Players on the Kentucky team included Tom Hutchinson, Dale Lindsey, and Herschel Turner, all of whom later played in the NFL. Bob Kosid and Junior Hawthorne later played in the CFL. Two assistant coaches on the 1962 Kentucky staff, Leeman Bennett and Chuck Knox, later had success as NFL head coaches. Assistants Homer Rice (Cincinnati Bengals, University of Cincinnati and Rice University), Bud Moore (Kansas University) and Dave Hart (University of Pittsburgh) were all later head coaches. Lindsey went on to become a successful NFL assistant coach, working with the Chicago Bears.

==Schedule==

| Date | Opponent | Site | Result | Attendance | Source |
| September 22 | Florida State* | McLean Stadium; Lexington, KY; | T 0–0 | 34,000 |  |
| September 29 | at No. 7 Ole Miss | Mississippi Veterans Memorial Stadium; Jackson, MS; | L 0–14 | 42,000 |  |
| October 6 | Auburn | McLean Stadium; Lexington, KY; | L 6–16 | 33,500 |  |
| October 12 | at Detroit* | University of Detroit Stadium; Detroit, MI; | W 27–8 | 14,548 |  |
| October 20 | No. 4 LSU | McLean Stadium; Lexington, KY; | L 0–7 | 37,000 |  |
| October 27 | at Georgia | Sanford Stadium; Athens, GA; | T 7–7 | 32,000 |  |
| November 2 | at Miami (FL)* | Miami Orange Bowl; Miami, FL; | L 17–25 | 43,614 |  |
| November 10 | Vanderbilt | McLean Stadium; Lexington, KY (rivalry); | W 7–0 | 26,000 |  |
| November 17 | Xavier* | McLean Stadium; Lexington, KY; | L 9–14 | 20,000 |  |
| November 24 | at Tennessee | Shields–Watkins Field; Knoxville, TN (rivalry); | W 12–10 | 34,172 |  |
*Non-conference game; Rankings from AP Poll released prior to the game;

==Book==
The 1962 Kentucky football team is the subject of a book, The Thin Thirty, by Shannon Ragland, published in August, 2007. The focus of the book is the '62 roster of players under first-year coach Charlie Bradshaw—a Bear Bryant disciple—who ended up thinning the team from 88 to 30 players via his brutal conditioning tactics and exploitation of players. It places this in the backdrop of racial and economic tensions of the South and its impact on several players.

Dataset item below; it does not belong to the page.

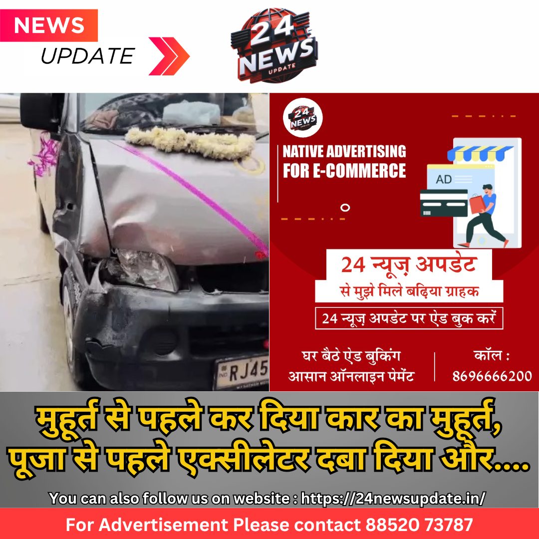 24 न्यूज अपडेट. भीलवाड़ा। कोटड़ी थाना इलाके के श्माम मंदिर के बाहर कल हादसा हुआ। दोपहर 1.30 बजे मुहूर्त के लिए आई ईको वैन ने एक व्यक्ति को उडा दिया। हादसे में युवक बाल-बाल बच गया। बताया गया कि 15 जनवरी को नई ईको वैन का मालिक पूजा के लिए गाड़ी को धार्मिक स्थल कोटड़ी श्याम मंदिर ले गया। कार को मंदिर के गेट के पास पार्क कर दिया। वैन की मुहूर्त पूजा के लिए इंतजार हो रहा था। कार में बैठे ड्राइवर ने अचानक ही ब्रेक लगाने की जगह एक्सीलेटर को दबा दिया। कार अचानक वहां पर मौजूद एक आदमी को उड़ाते हुए केबिन में जा घुसी। कार का हादसे में हुलिया भी बिगड गया।

The book asserts that several members of the 1962 team became involved in a gay sex scandal involving actor Rock Hudson, and that a crucial game was fixed that year. It then finished by following up with what happened to the players afterward.

===Reception===
The Thin Thirty received reviews in several publications, including the Voice-Tribune, the Charleston Post & Courier, the Louisville Courier-Journal and by Professor Weldon Johnson, the author of Chokehold.

Jon Johnston from CornNation praises the research and epilogue, but finds the back story at 100-pages was long, the writing was redundant at times, and the assertion of the Xavier game being fixed without evidence "damages the credibility" of the book.